Seriously. If you kill off a character, and you have already the ending that means it's HER ending, something active for her own story, don't change it in a way that makes her just a victim providing angst fodder for your male character. I was displeased.
(I was also afraid that Fiona got killed off so Adam could get what Tom Quinn put us through the first two seasons, i.e. a very annoying love life, but thankfully, so far that did not happen.)
My other nitpick of the season was not so much a nitpick as an observation. After the very strong last but one episode, the last episode felt, well, not up to the rest of the season. Not that the idea of a former superb agent turning against MI5 wasn't good, but I'm sorry, combining that with a Diana plot just didn't work for me. For starters, it asked me to believe that most of the main characters reach a point at which they believe, even briefly, Diana got assassinated. For another, it made me listen to the phrase "the people's princess" without any irony. I can't believe someone who is supposedly a tough old broad like Angela would use it with a straight face. (Even if she was playing a long-term mind game, but presumably her original motivation was supposed to be genuine.) I kept having flashbacks to The Queen and Alistair Campbell mouthing this very phrase which he coined to Blair, adding, "you owe me, mate!", and wondering whether Spooks had to pay royalties, no pun intended...

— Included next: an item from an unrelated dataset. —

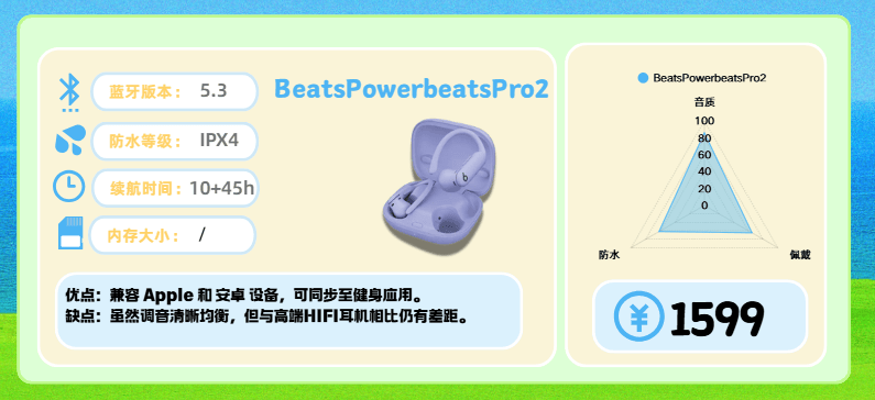 Beats Powerbeats Pro2 作为运动耳机的旗舰延续,凭借与 Apple 的生态协同与广泛用户口碑长期占据运动耳机市场热度。新版新增心率监测功能,可在训练中实时抓取生理数据,便于科学训练;并以IPX4 防汗防水与更轻量化的结构,面向注重数据与佩戴稳定性的健身用户群体。

Ah well. The parts that worked best about that episode were Angela being sadistic towards Jo and Angela playing with Adam. But the Diana stuff meant I couldn't even appreciate the ongoing Ruth/Harry subtext turning text without being distracted.
Speaking of Ruth and Harry, though: that was a nicely down subplot through the season, and I do love them both. Also, Ruth's solo outing at the start of the season was fab, though I have to point out Les Mis wasn't written by Andrew Llyod Webber. Never mind, she was still maintaining cover when she said that.
Favourite episodes: the last but one ep, the one with the Algerian, and, minus the shootout, Fiona's big episode.